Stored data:
--- --- ---

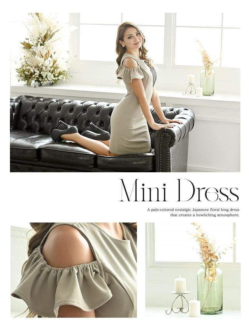 5. アシンメトリーブラックレース袖付きミニ丈キャバドレス【Ryuyu】(S/M/L)(ネイビー/グレージュ)
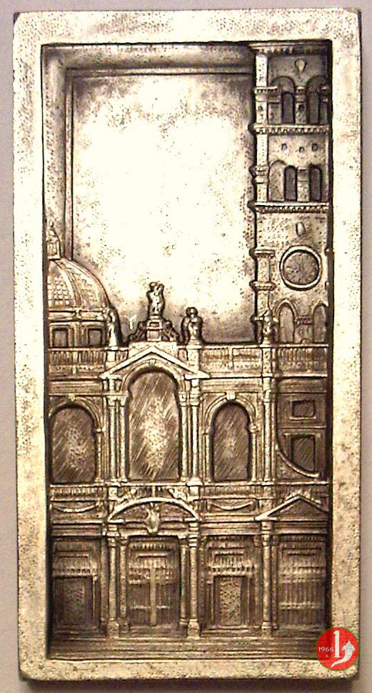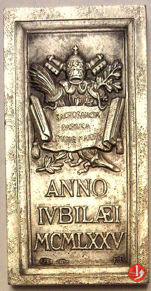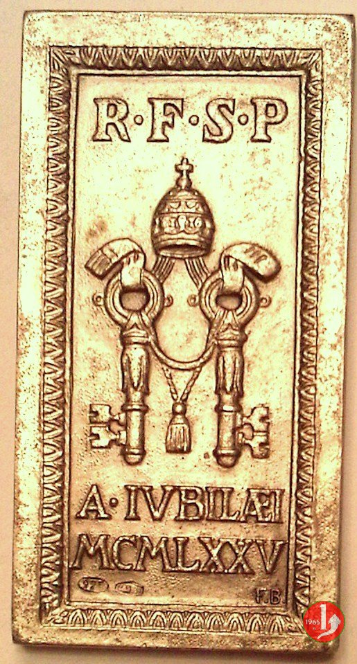 Placchetta Basilica S. Giovanni - Anno Santo Dritto: Cartiglio coronato da triregno e chiavi decussate sotto: ANNO = IVBILAEI = MCMLXXV in basso a dx: F.B. | |
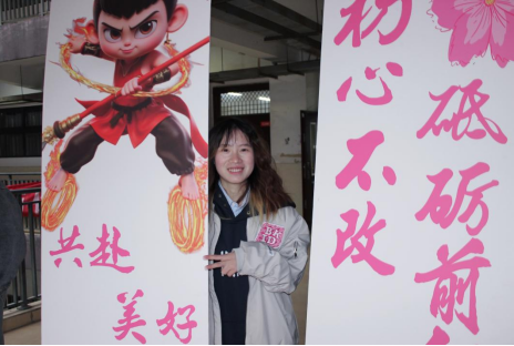 现场的同学们打卡热情高涨,其中,数字媒体技术2302班的陈化仙说到:“《哪吒2之魔童闹海》是新出的一部特别火的电影,来报到的时候就发现学校将电影里面的台词制作成了横幅挂在道路旁,有开学的气息了。到学院后,看到布置的打卡现场,满满的氛围感。新的一年,我们要像电影中的哪吒一样充满青春的豪情和勇气,面对命运的不公时,要有不服输、不怕苦难的精神,努力学习,争创好成绩。”
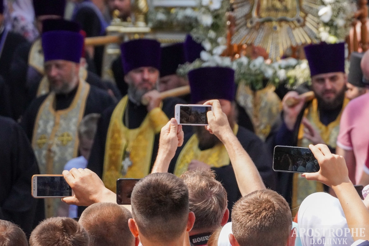 Крестный ход возглавили чудотворные иконы со всей Украины. После этого святыни будут находиться в Трапезном храме преподобных Антония и Феодосия Печерских Киево-Печерской лавры всю ночь и 28 июля.
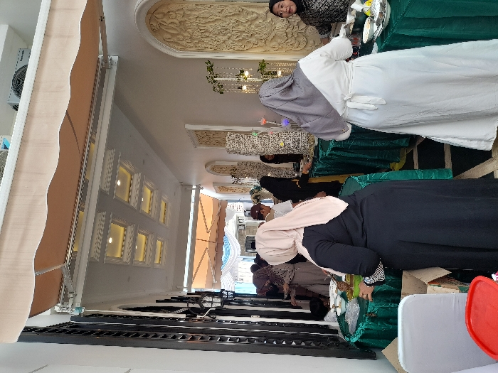 The image depicts a catered event taking place in an indoor space with a white ceiling and white walls decorated with ornate carvings. The location is in Kecamatan Buduran, Indonesia, at coordinates -7.433 latitude and 112.698 longitude. A retractable awning extends over the space. Several women, some wearing traditional head coverings, are standing in a line at a buffet table, while others are seated at the table, serving themselves food. There is a white chair in the foreground, and a red container is visible in the bottom left corner of the image. The tables are covered with green cloths. Decorations, including a tall tower of desserts, can be seen in the background. A woman in a white abaya, the traditional dress for women in many Muslim-majority countries, is standing at the buffet table, serving herself food. The scene portrays an elegant and organized gathering of people at a catered event.
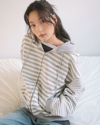 MULTI STRIPE ZIP UP HOOD(GREY)
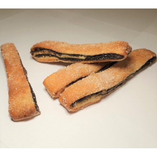 слоёно - дрожжевые тонкие полоски с маковой начинкой, декорированные сахаром
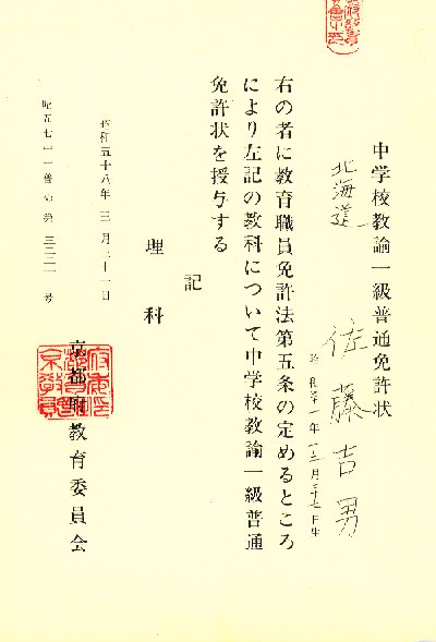 中学校理科教諭1級免許状

--- --- ---

_Prompt:_
Only the lines from the one containing "MULTI STRIPE ZIP UP HOOD(GREY)" through the final line of the data are to be written out, exactly as they stand and without pictures.

_Reply to the exercise:_
 MULTI STRIPE ZIP UP HOOD(GREY)
 слоёно - дрожжевые тонкие полоски с маковой начинкой, декорированные сахаром
 中学校理科教諭1級免許状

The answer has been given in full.